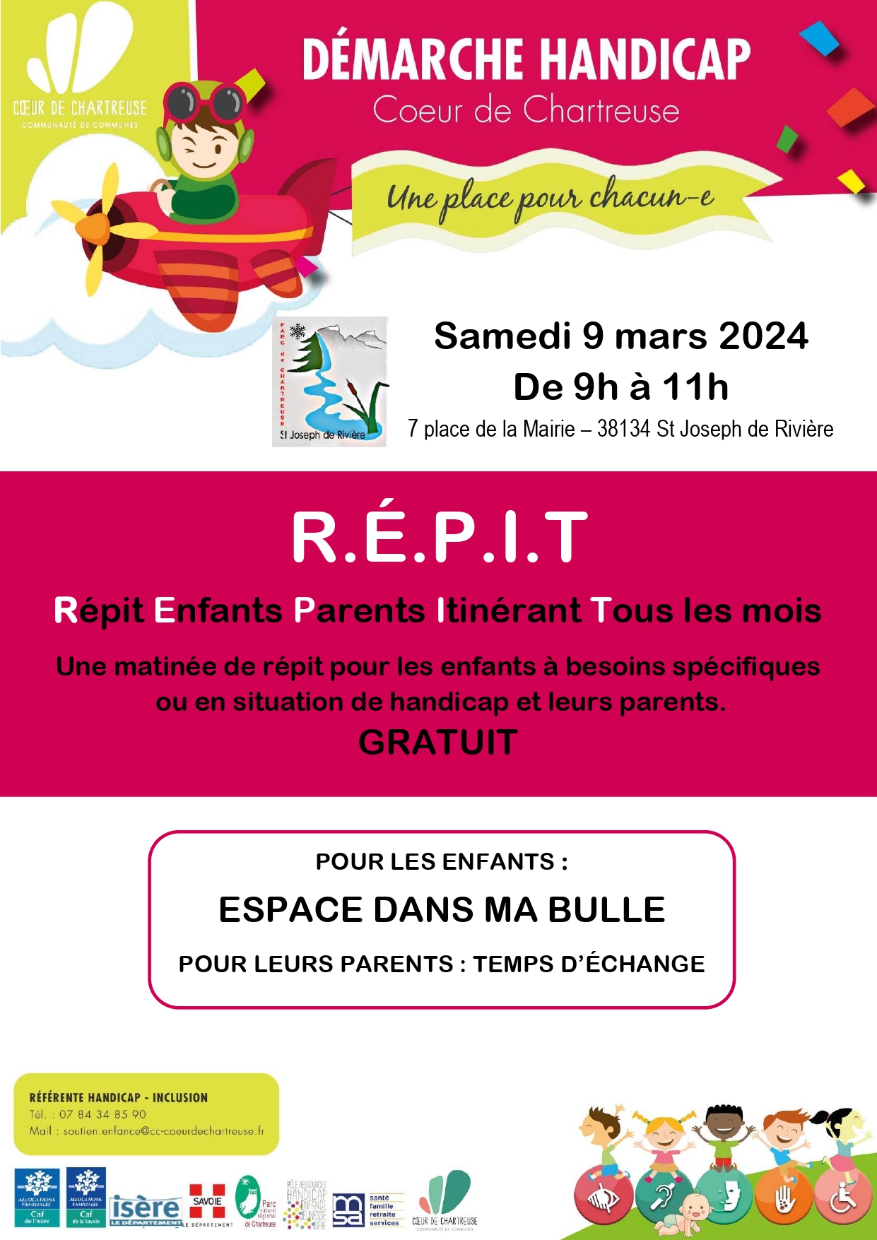 Démarche Handicap 26Fév 202427 Mai 2024 🗓️ Date : 09/03 ⏰ Heures : 9h00-11h00 🏡 Locaux du centre de loisirs Une matinée de répit pour les enfants à besoins spécifiques ou en situation de handicap et leurs parents. Similaire
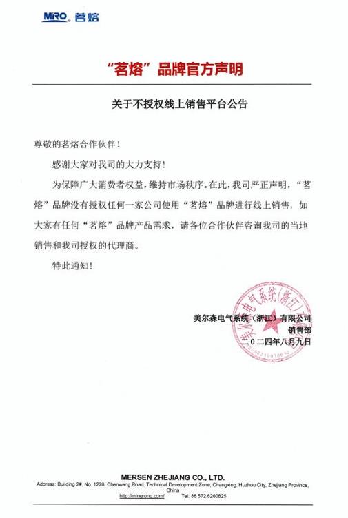 “茗熔”品牌官方聲明|關(guān)于不授權(quán)線上銷售平臺公告
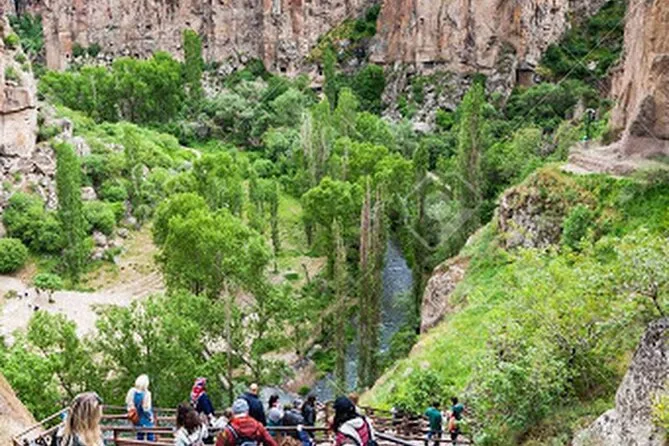 Die Tour dauert den ganzen Tag mit mehreren Stopps, darunter Derinkuyu-Unterstadt, Wanderung im Ihlara-Tal, Mittagspause, Besuch am Nar-See und Selime Kloster.
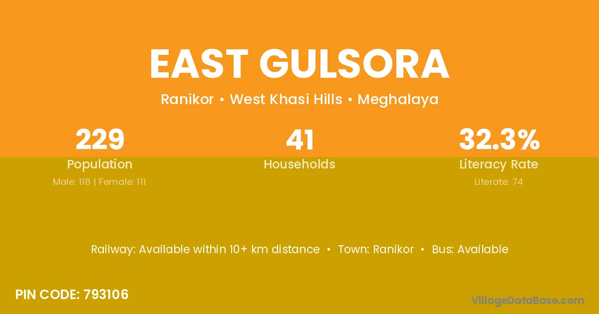Ranikor is the nearest town to East Gulsora village for major economic activities
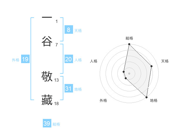 一谷 敬藏さんを姓名の画数から五運を鑑定
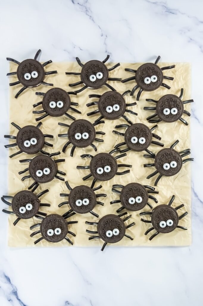 - Play with the filling: Regular Oreos are great, but Halloween Oreos with orange filling make these spiders extra festive.
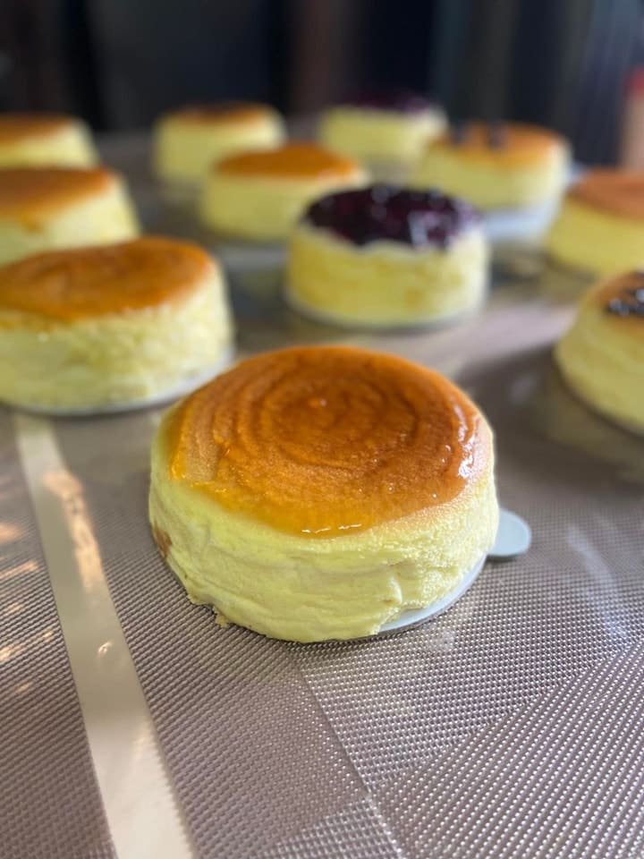A special edition of Japanese souffle cheesecake topped with cream cheese and blueberry layer.
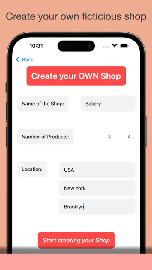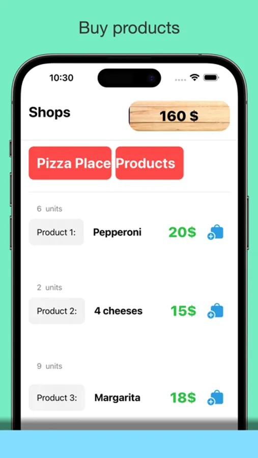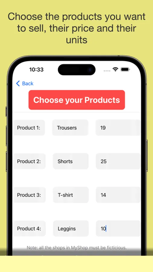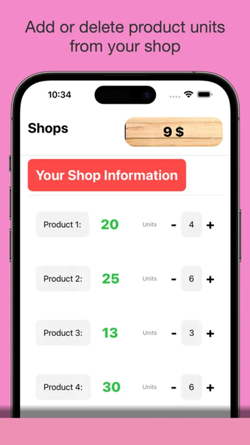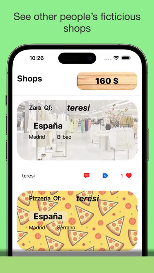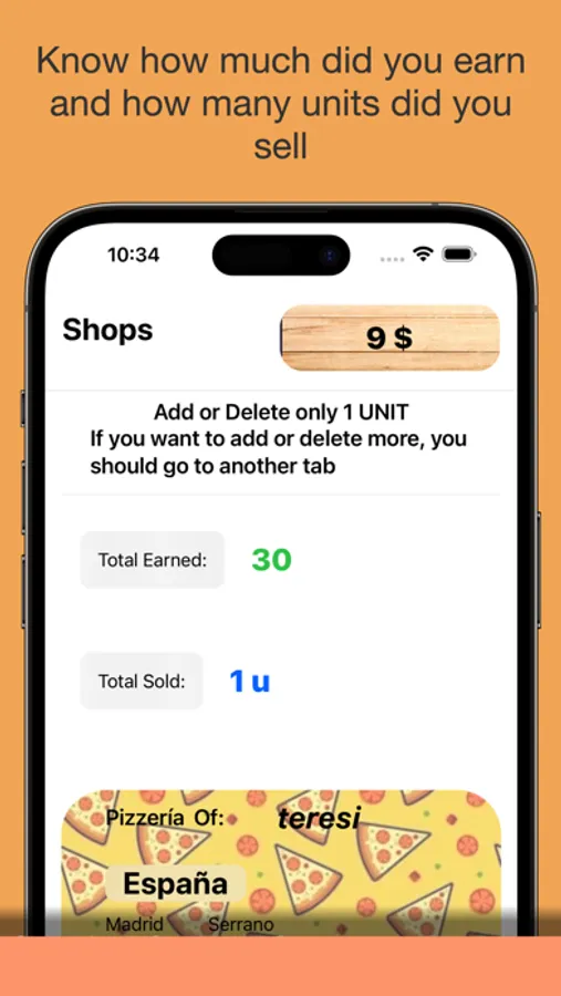 Create Imaginary shops with MyOwnShop. As well as creating your own shop, you can also buy products (with fictitious money) from other user's shops. To know how's your shop going, you need to tap on your shop. There you can sell more (or less) units of each product and check other data.
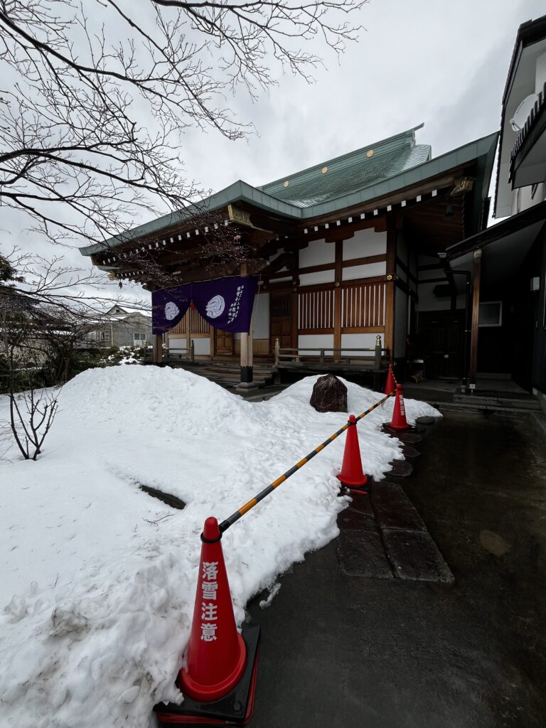 大晦日から新潟市は雪景色となり、お御堂の前も屋根からの雪で閉鎖を余儀なくなりました。
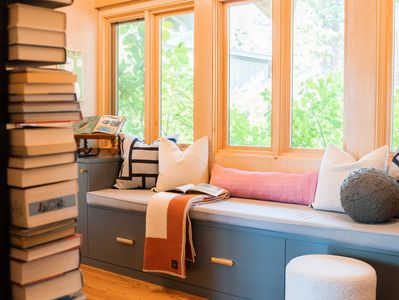 “In this project, we prioritized a cozy reading environment over floor-to-ceiling shelving by designing a built-in window seat with integrated storage for books and dress-up clothing. A sleek tower bookshelf provides easy access to favorite titles, creating a space that is both functional and inviting— also Clover approved!”

◆ ◆ ◆

Write out the lines above from the one with "Die Tour dauert" through the one with "A special edition", ends included, exactly; no picture goes in.

Output for this task:
 Die Tour dauert den ganzen Tag mit mehreren Stopps, darunter Derinkuyu-Unterstadt, Wanderung im Ihlara-Tal, Mittagspause, Besuch am Nar-See und Selime Kloster.
Ranikor is the nearest town to East Gulsora village for major economic activities
 一谷 敬藏さんを姓名の画数から五運を鑑定
 - Play with the filling: Regular Oreos are great, but Halloween Oreos with orange filling make these spiders extra festive.
A special edition of Japanese souffle cheesecake topped with cream cheese and blueberry layer.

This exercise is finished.